- **To do**
For the records below, output word for word the lines from the one with "Браслет на цепочке" up to and including the one with "Conceptual -A business". No pictures.

- **The input**
● ● ●

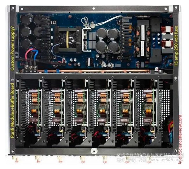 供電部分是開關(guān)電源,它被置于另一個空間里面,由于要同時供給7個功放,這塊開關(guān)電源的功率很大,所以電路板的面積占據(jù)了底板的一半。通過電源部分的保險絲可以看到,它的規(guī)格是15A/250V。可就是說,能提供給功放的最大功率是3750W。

● ● ●

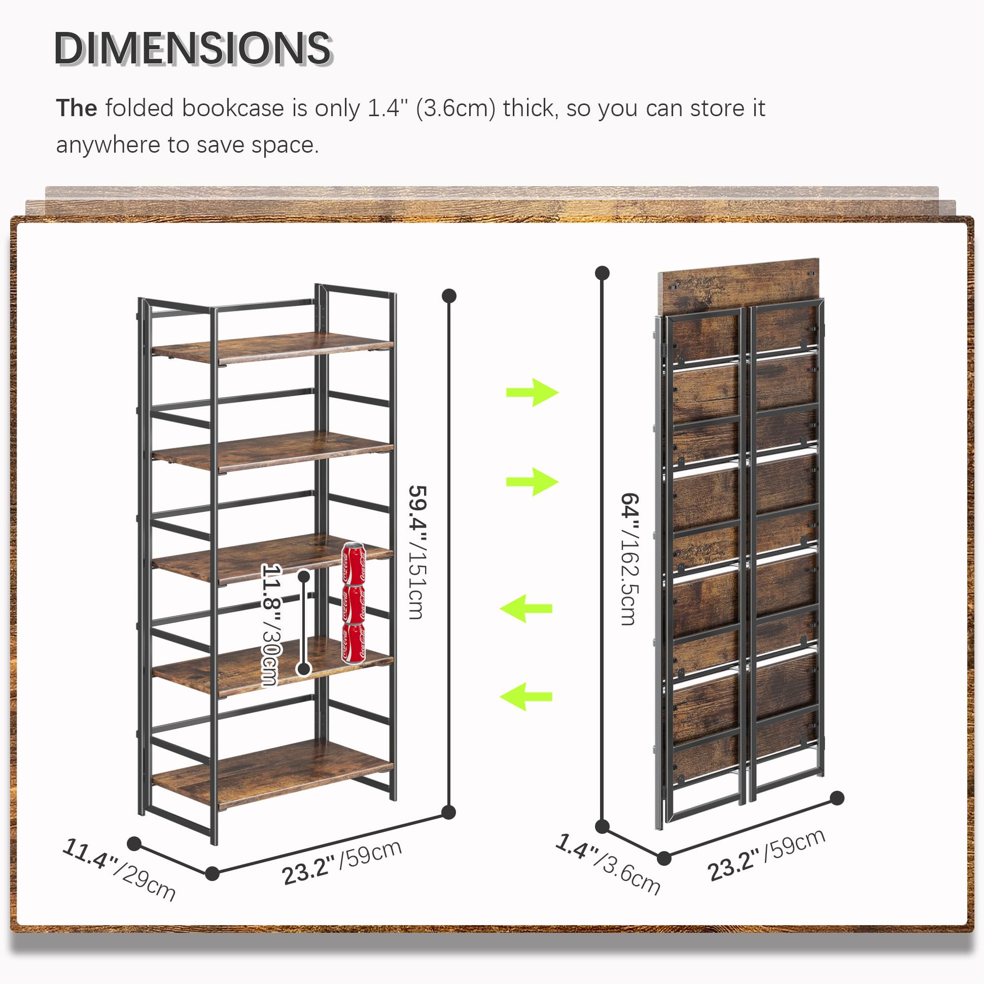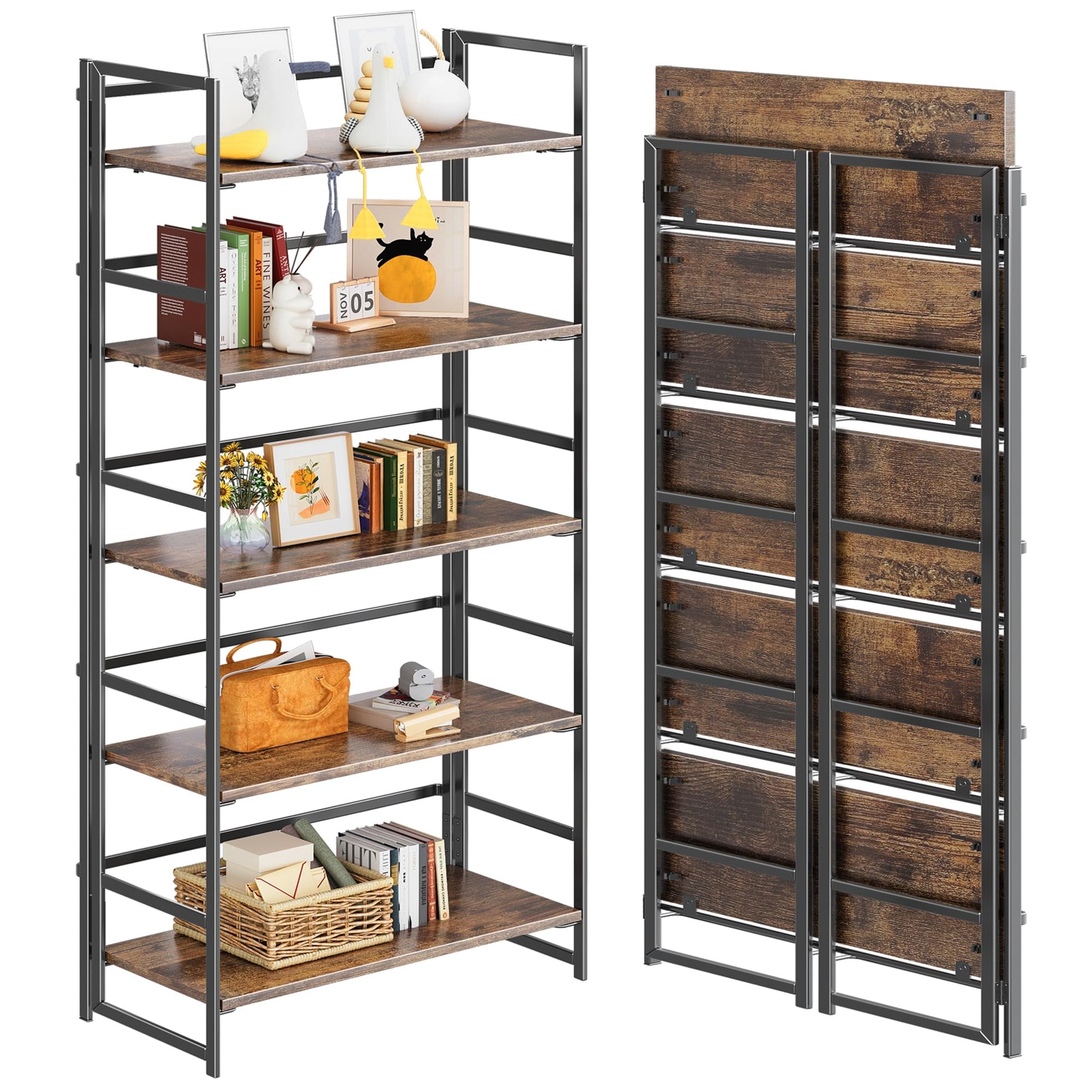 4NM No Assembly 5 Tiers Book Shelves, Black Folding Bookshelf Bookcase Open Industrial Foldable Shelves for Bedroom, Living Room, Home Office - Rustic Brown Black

● ● ●

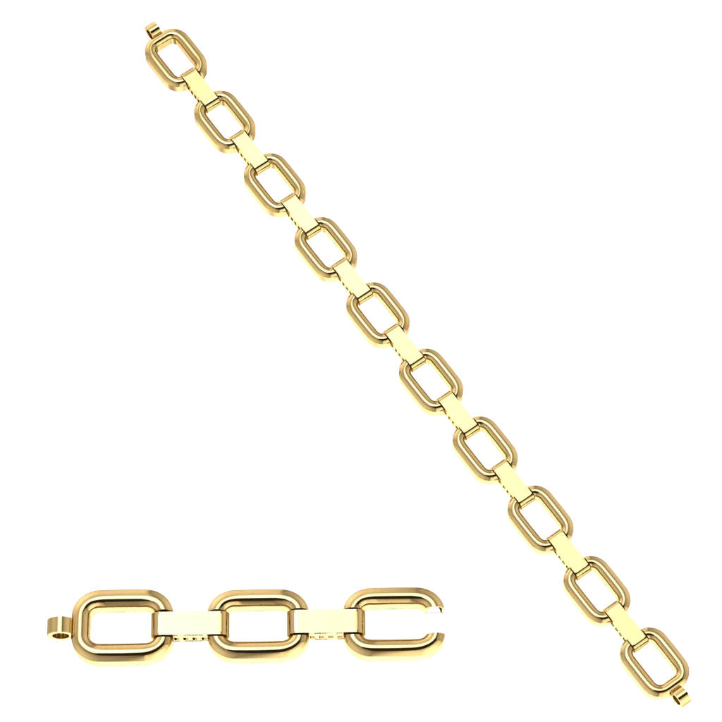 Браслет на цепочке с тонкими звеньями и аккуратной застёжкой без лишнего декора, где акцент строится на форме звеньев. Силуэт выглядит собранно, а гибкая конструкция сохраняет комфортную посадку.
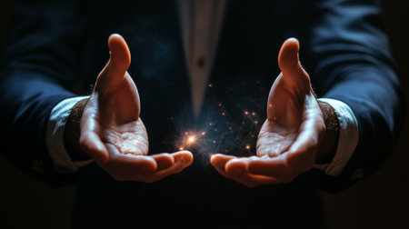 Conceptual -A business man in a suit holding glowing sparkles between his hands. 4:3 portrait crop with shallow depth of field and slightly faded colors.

● ● ●

- **Task response**
 Браслет на цепочке с тонкими звеньями и аккуратной застёжкой без лишнего декора, где акцент строится на форме звеньев. Силуэт выглядит собранно, а гибкая конструкция сохраняет комфортную посадку.
 Conceptual -A business man in a suit holding glowing sparkles between his hands. 4:3 portrait crop with shallow depth of field and slightly faded colors.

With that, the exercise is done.